JACKSON, MS (Mississippi News Now) -

Mayor Tony Yarber's "We Are Jackson Listening Tour" made a stop downtown Monday evening. He heard what residents had to say about a proposed Entertainment District.

The Ice House Alley Warehouses, an entertainment venue itself,was the gathering place for the sharing of ideas on bringing tourists to the city through arts, music and other entertainment.

About 100 residents attended with many offering suggestions to Mayor Tony Yarber and the Human and Cultural Arts Department.

This second stop on the listening tour gathered ideas ranging from promoting Jackson as a major movie production venue after recent films like "The Help" and James Brown's Biopic "Get on Up" to reviving Jubilee Jam.

Many talked about turning around the failed Farish Street project by doing it locally.

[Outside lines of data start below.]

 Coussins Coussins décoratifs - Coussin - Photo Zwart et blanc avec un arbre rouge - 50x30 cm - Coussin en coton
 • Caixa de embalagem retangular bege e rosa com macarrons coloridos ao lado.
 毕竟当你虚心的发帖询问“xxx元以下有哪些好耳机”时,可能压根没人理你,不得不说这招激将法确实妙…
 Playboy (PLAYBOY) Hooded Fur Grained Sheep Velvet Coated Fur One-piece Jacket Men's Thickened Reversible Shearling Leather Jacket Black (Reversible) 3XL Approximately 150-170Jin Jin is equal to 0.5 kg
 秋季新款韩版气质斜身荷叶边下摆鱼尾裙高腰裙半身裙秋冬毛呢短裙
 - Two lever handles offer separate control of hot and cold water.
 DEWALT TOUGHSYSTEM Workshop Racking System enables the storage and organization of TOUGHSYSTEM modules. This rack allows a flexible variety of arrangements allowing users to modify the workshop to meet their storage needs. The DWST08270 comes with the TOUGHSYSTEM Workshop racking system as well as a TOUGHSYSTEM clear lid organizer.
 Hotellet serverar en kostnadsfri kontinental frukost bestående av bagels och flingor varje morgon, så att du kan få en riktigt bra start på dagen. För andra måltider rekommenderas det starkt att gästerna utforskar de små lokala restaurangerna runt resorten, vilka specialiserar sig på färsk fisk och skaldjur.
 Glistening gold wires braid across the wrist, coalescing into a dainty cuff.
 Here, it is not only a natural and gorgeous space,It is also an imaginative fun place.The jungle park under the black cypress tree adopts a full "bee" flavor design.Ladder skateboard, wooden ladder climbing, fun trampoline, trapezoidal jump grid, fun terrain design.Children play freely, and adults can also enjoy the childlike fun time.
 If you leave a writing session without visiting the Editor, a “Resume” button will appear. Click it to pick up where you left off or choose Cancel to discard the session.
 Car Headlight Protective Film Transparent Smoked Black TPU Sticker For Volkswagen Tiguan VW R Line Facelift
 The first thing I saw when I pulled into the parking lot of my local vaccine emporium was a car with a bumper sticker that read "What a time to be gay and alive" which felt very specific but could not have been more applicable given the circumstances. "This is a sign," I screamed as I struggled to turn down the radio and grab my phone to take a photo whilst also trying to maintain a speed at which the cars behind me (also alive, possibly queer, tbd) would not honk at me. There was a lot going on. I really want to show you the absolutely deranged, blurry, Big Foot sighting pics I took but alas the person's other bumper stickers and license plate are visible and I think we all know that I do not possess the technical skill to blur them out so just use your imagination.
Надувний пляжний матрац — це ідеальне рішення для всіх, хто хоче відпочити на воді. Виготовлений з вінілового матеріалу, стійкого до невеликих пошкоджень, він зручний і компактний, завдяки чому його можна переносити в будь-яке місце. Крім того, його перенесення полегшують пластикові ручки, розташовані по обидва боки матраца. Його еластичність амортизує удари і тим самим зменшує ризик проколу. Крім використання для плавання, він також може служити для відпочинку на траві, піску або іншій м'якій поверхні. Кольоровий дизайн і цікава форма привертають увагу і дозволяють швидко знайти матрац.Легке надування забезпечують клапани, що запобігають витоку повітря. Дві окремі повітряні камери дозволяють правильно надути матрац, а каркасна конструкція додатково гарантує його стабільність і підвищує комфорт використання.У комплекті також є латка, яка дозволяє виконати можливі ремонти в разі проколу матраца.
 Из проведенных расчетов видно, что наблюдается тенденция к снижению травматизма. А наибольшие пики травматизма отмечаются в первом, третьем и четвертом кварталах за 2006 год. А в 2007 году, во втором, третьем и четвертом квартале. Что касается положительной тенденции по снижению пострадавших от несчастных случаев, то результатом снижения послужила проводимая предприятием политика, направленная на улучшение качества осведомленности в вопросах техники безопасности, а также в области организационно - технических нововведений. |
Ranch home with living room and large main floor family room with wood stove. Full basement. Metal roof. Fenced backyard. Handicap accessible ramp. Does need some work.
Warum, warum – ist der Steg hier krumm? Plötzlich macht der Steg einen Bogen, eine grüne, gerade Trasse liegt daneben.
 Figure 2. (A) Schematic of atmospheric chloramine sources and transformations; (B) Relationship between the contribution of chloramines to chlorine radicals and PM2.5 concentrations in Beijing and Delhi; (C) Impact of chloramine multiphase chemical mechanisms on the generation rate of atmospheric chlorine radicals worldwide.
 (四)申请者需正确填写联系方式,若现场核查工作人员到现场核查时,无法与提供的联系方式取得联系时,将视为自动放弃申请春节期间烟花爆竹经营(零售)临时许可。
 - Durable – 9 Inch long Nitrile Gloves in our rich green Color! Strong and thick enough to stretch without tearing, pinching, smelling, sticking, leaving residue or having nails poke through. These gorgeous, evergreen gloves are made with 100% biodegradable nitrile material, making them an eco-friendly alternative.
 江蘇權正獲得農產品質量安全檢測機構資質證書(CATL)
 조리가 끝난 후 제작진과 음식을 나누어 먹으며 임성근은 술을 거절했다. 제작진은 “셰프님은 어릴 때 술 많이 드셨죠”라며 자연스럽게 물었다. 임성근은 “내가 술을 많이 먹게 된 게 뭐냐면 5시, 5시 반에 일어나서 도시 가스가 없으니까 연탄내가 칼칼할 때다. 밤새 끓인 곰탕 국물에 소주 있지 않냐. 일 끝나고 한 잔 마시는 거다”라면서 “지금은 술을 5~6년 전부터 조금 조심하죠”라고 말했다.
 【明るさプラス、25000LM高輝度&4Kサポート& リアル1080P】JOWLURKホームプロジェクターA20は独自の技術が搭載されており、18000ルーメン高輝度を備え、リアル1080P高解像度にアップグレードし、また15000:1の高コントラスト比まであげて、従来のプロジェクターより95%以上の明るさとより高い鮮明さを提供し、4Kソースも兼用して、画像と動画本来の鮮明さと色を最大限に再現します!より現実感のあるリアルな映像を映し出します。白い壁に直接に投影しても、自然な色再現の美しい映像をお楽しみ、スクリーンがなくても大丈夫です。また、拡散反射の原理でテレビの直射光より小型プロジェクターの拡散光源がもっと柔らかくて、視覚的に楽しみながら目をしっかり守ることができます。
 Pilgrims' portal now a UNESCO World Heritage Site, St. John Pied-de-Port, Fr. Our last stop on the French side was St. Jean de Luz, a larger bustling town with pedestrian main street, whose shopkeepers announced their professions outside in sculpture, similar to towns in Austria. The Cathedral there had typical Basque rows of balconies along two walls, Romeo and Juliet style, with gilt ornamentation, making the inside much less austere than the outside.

"We have the space. We know that we have the blues artists. We have the market in place, said Beverly Wallace of Jackson. "And I don't know what all it's going to take, but I hope everyone has not abandoned that idea."

"So what needs to happen on Farish street is that the people who know how to do entertainment and the people that know what to do need to be allowed to do and government needs to get out of the way and let them do what they do," said Talk Show host and former rapper Brad "Kamikazi" Franklin.

Some ideas included building race tracks for drag racing and even NASCAR as money making attractions.

Others simply said the city should be more welcoming and helpful to those wanting to invest by opening businesses.

Rhonda Blasingame is an artist who wants to buy property downtown for a studio.

"We'd like to continue in Jackson rather than Richland," said Blasingame. "My suggestion would be to have a single resource for people who are looking to open something in the arts or entertainment where we have access to what permits are necessary, what our parking space has to be."

The mayor also heard the call for a staff committed to the projects.

"We need to get great policy and make sure that police encourages the kinds of things that you all have been talking about," said Mayor Yarber. "Then we need to get out of the way."

The next Listening Tour is on dilapidated housing and will be held July 7th at New Jerusalem Church on Raymond Road.